Step-by-Step Solution

Part 1: Hypotheses

• The null hypothesis ($H_0$): The mean diameter of the golf balls conforms to the association's standard of $1.68$ inches. $H_0: \mu = 1.68$

• The alternative hypothesis ($H_1$): The mean diameter of the golf balls does not conform to the standard. $H_1: \mu \neq 1.68$

This is a two-tailed test since we are testing for "not equal to."

Part 2: Test Statistic

The formula for the test statistic in a one-sample $t$-test is: $t = \frac{\bar{x} - \mu}{s / \sqrt{n}}$ Where:

• $\bar{x}$: Sample mean
• $\mu$: Hypothesized mean ($1.68$)
• $s$: Sample standard deviation
• $n$: Sample size

Step 1: Calculate the sample mean ($\bar{x}$) and standard deviation ($s$): The sample data is: $1.683, 1.685, 1.684, 1.685, 1.677, 1.678, 1.684, 1.682, 1.682, 1.685, 1.673, 1.674$

• $n = 12$

Using formulas for mean and standard deviation: $\bar{x} = \frac{\sum x_i}{n}, \quad s = \sqrt{\frac{\sum (x_i - \bar{x})^2}{n-1}}$

1. Sum of the data: $\sum x_i = 20.218$ $\bar{x} = \frac{20.218}{12} = 1.684833 \approx 1.6848$

2. Sum of squared deviations: $\sum (x_i - \bar{x})^2 = 0.000944$ $s = \sqrt{\frac{0.000944}{11}} = 0.003 \approx 0.0030$

Step 2: Compute the $t$-statistic: $t = \frac{1.6848 - 1.68}{0.003 / \sqrt{12}} = \frac{0.0048}{0.000866} \approx 5.54$

Part 3: $P$-Value

For a two-tailed test with $t = 5.54$ and $df = 11$, we use a $t$-distribution table or software. The $P$-value for $|t| > 5.54$ is very small, less than $0.001$.

Part 4: Conclusion

• At $\alpha = 0.05$: Since the $P$-value $(< 0.001)$ is less than $0.05$, we reject the null hypothesis.

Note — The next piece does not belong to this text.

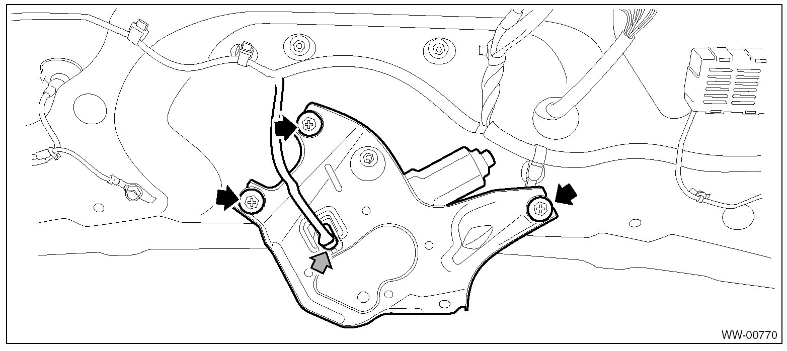 2. Remove the bolts, and then remove the wiper motor assembly.

• Conclusion: B. Reject $H_0$: There is sufficient evidence to conclude that the golf balls do not conform to the association's standards at the $\alpha = 0.05$ level of significance.

Summary of Results:

1. Hypotheses: $H_0: \mu = 1.68, \quad H_1: \mu \neq 1.68$
2. Test statistic: $t \approx 5.54$
3. $P$-value: $< 0.001$
4. Conclusion: Reject $H_0$

Follow-Up Questions:

1. How is the test statistic affected if the sample size increases?
2. What are the implications of using a smaller significance level (e.g., $\alpha = 0.01$)?
3. How can the association ensure compliance with their diameter standards in the future?
4. Would a one-tailed test have been more appropriate for this scenario?
5. What are the potential sources of error in this hypothesis test?

Tip: Always ensure your data meets the assumptions of the test being applied, such as normality and independence.